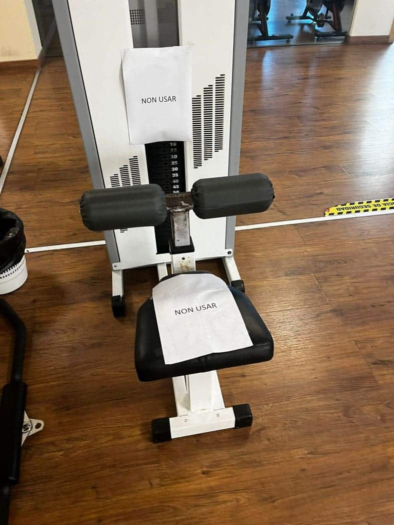 A cinta de correr non funciona; a metade das pesas de man están oxidadas a niveis que se dubida de que sexan sans; o único banco reclinable chocolea de tal xeito que o seu uso pode provocar algunha lesión; a prensa ten os soportes para os discos torTos e os seguros oxidados; a polea vertical está co cable roto e a horizontal a punto de romper (cando se sobe dos 60 Kg xa se escoita estalar); a máquina de hammer de ombreiro leva desnivelada desde hai anos e xa ten provocado algunha microlesión; a barra de dominadas está ostensiblemente torcida; hai espellos rotos que poden provocar accidentes; parte do chan está levantado e hai goteiras nalgunhas zonas. Este é o balance que os usuarios do ximnasio fan do seu estado.
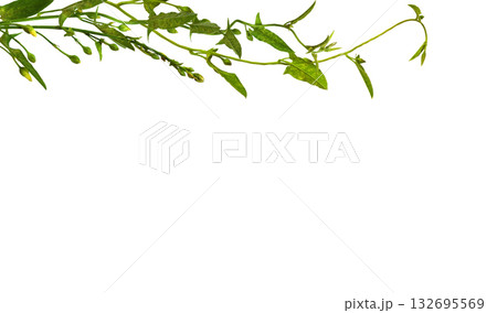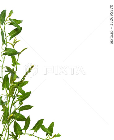 Twigs of fresh bindweed with green leaves in a corner background isolated on white
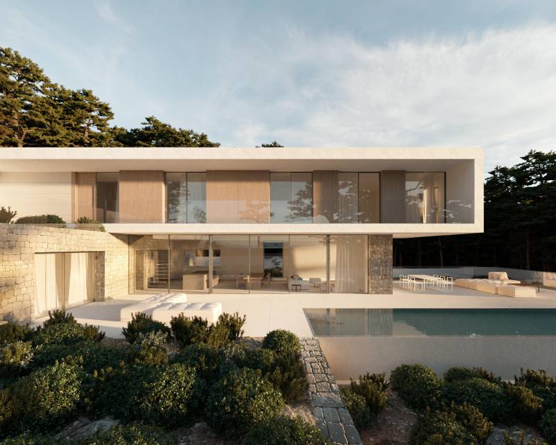 Villa for sale in Moraira Luxury new build villa distributed over 3 floors. The ground floor comprises: large bright open plan lounge-diner with open kitchen and access to the terrace, utility room, guest cloakroom and a bedroom with ensuite bathroom. Outside: large terrace, infinity pool and a barbecue area. On the upper floor there are 3 spacious bedrooms with ensuite bathrooms and access to a terrace with lovely views. The garage and parking are also on this level. There is also a basement ...

WHAT TO WORK ON:
Would you provide an exact, picture-free copy of the data above?

RESPONSE BOX:
 A cinta de correr non funciona; a metade das pesas de man están oxidadas a niveis que se dubida de que sexan sans; o único banco reclinable chocolea de tal xeito que o seu uso pode provocar algunha lesión; a prensa ten os soportes para os discos torTos e os seguros oxidados; a polea vertical está co cable roto e a horizontal a punto de romper (cando se sobe dos 60 Kg xa se escoita estalar); a máquina de hammer de ombreiro leva desnivelada desde hai anos e xa ten provocado algunha microlesión; a barra de dominadas está ostensiblemente torcida; hai espellos rotos que poden provocar accidentes; parte do chan está levantado e hai goteiras nalgunhas zonas. Este é o balance que os usuarios do ximnasio fan do seu estado.
 Twigs of fresh bindweed with green leaves in a corner background isolated on white
 Villa for sale in Moraira Luxury new build villa distributed over 3 floors. The ground floor comprises: large bright open plan lounge-diner with open kitchen and access to the terrace, utility room, guest cloakroom and a bedroom with ensuite bathroom. Outside: large terrace, infinity pool and a barbecue area. On the upper floor there are 3 spacious bedrooms with ensuite bathrooms and access to a terrace with lovely views. The garage and parking are also on this level. There is also a basement ...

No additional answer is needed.